Many siblings have exhibited “aggressive” behavior towards her brother. They have hit, pushed, kicked, stepped on, tackled, poked, scratched, scraped, dragged, and pulled at each other. Sometimes these are things they like, and other times there are big hurts and hurt feelings. I don’t want my daughter to come away with a label or feeling of being unlovable, bully, aggressive, bad, wrong.
I want her to feel ok being human, just like I want to feel ok making mistakes.
Recently,when I create this forgiving and loving space for her, my older child has shifted her choices when she hurts her brother through her play or her off track behavior.
I noticed that the more I focus on observations and empathizing with her feelings and needs, the more she has started to connect to herself. She seemed relieved to know I was an emotional anchor of love. She needed to know that I was ok with her learning to make other choices.
In addition to Staylistening and my use of other tools, I started to more consciously talk with her in a quiet, close, connected and gentle way after an outburst. (Are you willing to treat him gently, safely, respectfully, kindly?) She has begun to identify her feelings and tell me her needs. (Are you feeling…? What are you needing?)
Lately, when I do this, usually she will stop, say “Sorry!” to her brother and do a 180 where she finds her own way to include him or love him or bring him joy.
Once in a while I will suggest something that might help connect with her brother if I see from her body language she is shifting towards connection but can’t find a behavior to settle on. Sometimes she will still do something like hug him more roughly than I would like. That’s my signal that she’s running on empty, and I need to get out some of my parenting power tools and build more connection and cooperation into our relationship.
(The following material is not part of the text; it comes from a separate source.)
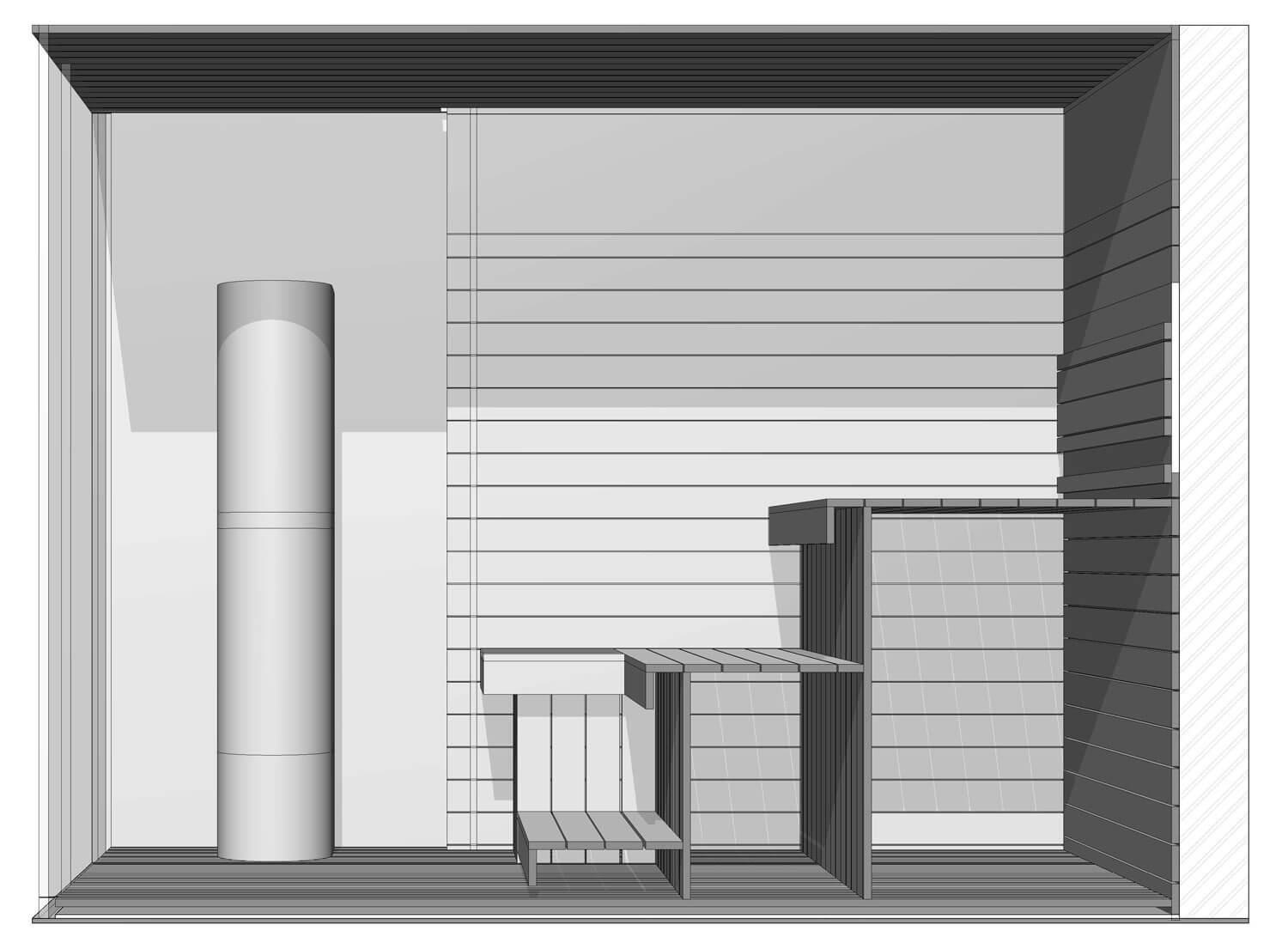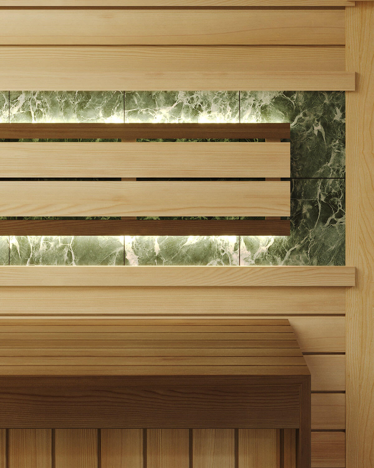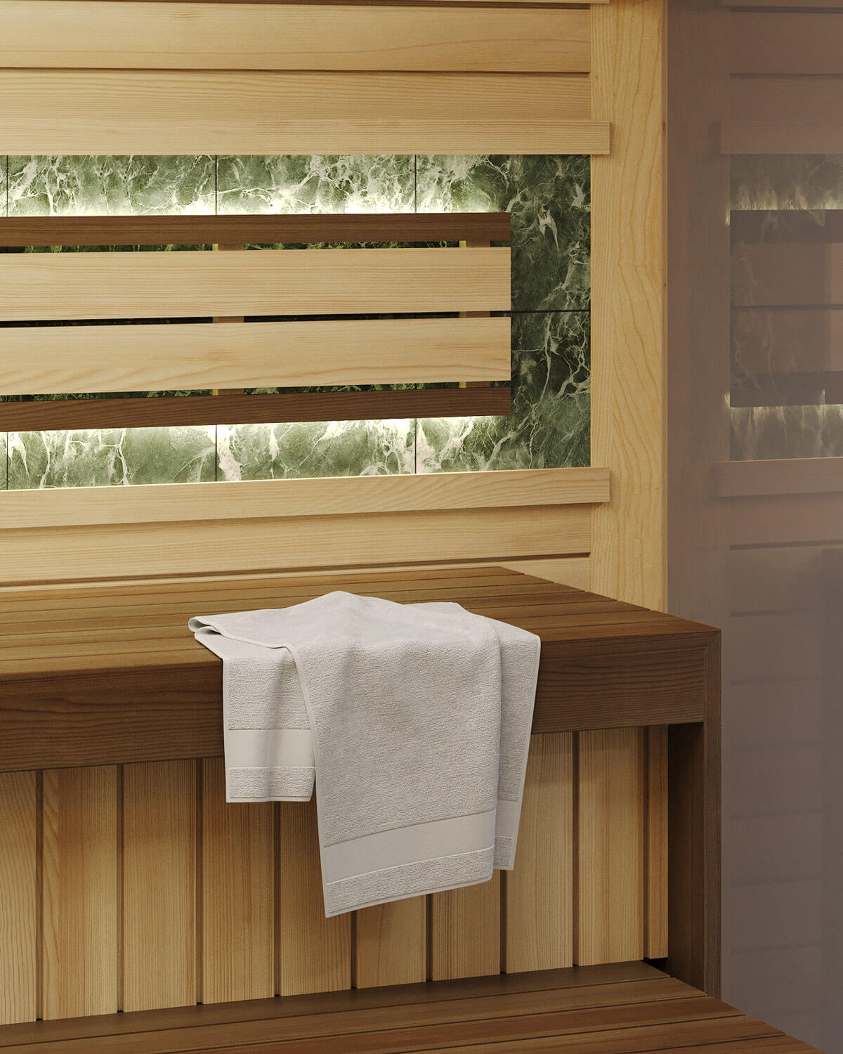 Проект «Малахитовый вечер» — это сауна 7,5 кв.м с удобной планировкой. Одна из стен цельностеклянная, поэтому особое внимание мы уделили правильно подобранной печи — металлическая с открытой каменкой, камень за печью и за подспинником – змеевик, в верхней части стен располагается гималайская соль с подсветкой. Полки выполнены из термодревесины абаш, стены из ароматного канадского кедра. Конструкция полков позволяет задвигать один полок, освобождая полезное пространство по полу. В проекте мы предлагаем эффектные режимы освещения пространства, чтобы подчеркнуть сочетание натуральных материалов — яркого камня змеевика с термированной и грамотно обработанной древесиной. Сауна «Малахитовый закат» спроектирована по всем необходимым нормам парильного помещения, создавая условия для оздоровления и получения настоящего удовольствия.

Certainly, we are still working on it. She will sometimes run away when she did something, she might say something else happened than what did or that she didn’t do anything or that he did it to himself. We even more recently had an incredibly connected and clearly helpful conversation where she shared with me that she goes away to breathe and calm down. We discussed setting up a calm down corner or a calm down basket for her and the whole family. She has, on her own, been going to a private space in whatever room we are in to breathe when she has hit him, and we are working on moving that up to before she hits him.
Sibling squabbles will happen.
I am ok with that learning curve because they have a unique and powerful opportunity to explore safe boundaries, personal voice, and full human expression and identity. I would love for them to feel safe connecting deeply with each other physically, emotionally, and mentally. I believe nurturing the natural compassion in each of them in these ways will allow them to feel trust, connection and safety with each other that encourages taking risks, loving deeply, and giving support.
If we want children to be kind, have manners and “say sorry,” my belief is that we would choose to help our kids in a way that nurtures self-kindness, self-forgiveness and self-love.
It is through this forgiveness that the seed of compassion is watered and flowers most brightly. This is where the true sentiment behind “I’m Sorry” sprouts. When each emotion and action must come through us, we do well to cultivate a heart that looks both within and without with compassion. The more we have experienced these things for ourselves from ourselves the greater capacity we have to make authentically caring connections, give loving kindness, make true apologies of action and use the power of forgiveness to cultivate thriving relationships and vibrant life.
This is what we truly want for our children. This goes way beyond rote repetition of lines our parents and teachers told us or got us to say. This is real. This is full and integrated, creative and flexible, loving and in the moment.